And EP's Mom - who sounds a lot like my mom on this topic - was right - being someone who is GNC or who is even a bit different (for instance, someone who might be a closeted lesbian) is going to make your life more difficult, because kids are assholes who believe strongly in pattern recognition so any outlier is going to be attacked. My huge imaginary world was built to protect me from all of the bullying I received. I was happiest alone because no one bullied me there. I still wasn't a boy.

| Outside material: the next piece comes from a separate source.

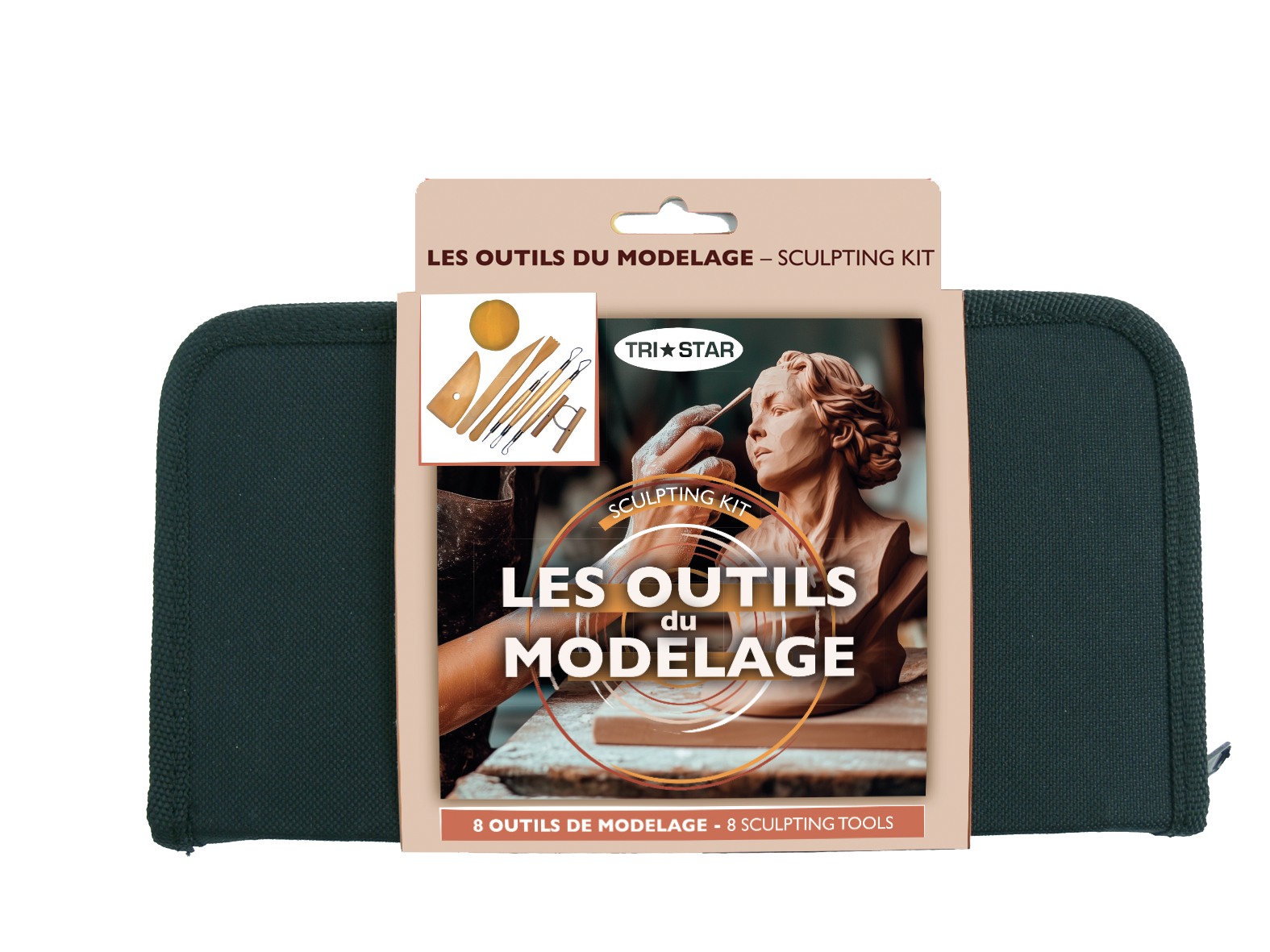Découvrez vite cette trousse de modelage et ses 8 outils. Pratique et facilement transportable, elle sera parfaite pour toutes vos créations de modelage (pâte durcis sante, pâte fimo, poterie...)

I was just a weird kid who would one day realize she was a lesbian.
EP says she has never doubted her mom's love for her
but she feels like her mom didn't know how to say "no" to things that were harmful and her mom made her conform because she didn't know what else to do
EP tells a story about trips she and her mom would take to a beach where they did things like enjoy the natural scenery and pretend they had walkie talkies
it leads to this
This is why thirty-somethings have no business writing memoirs, and it's only half-because of the sappy dramatic writing. EP, you are still free. You can still have any kind of relationship with your mom you want. You can even make your relationship better.
EP liked snow days
she and her mom went to Tim Hortons and got hot beverages
sledding was also nice and leads to further fanciful writing
I'm getting to a point in this book where I'm honestly wondering how it's going to end. And I don't mean that in a a negative way (although there are times when I'm reading that I have to physically push on my lips because I feel like I'm wading through molasses trying to make sense of it all), but in the way that EP and I come from not dissimilar backgrounds, had not dissimilar childhoods, and - so far - have similar feelings about those things, and I need to know how it gets from Point A to Point B. We both came out as lesbians, we both have gender dysphoria. I want to know what the justification was for the massive body modification and a trans identity over therapy, or if EP's going to talk about therapy at all. I want to know how she settled on leaving her wife. I want to know if she thinks of herself as straight.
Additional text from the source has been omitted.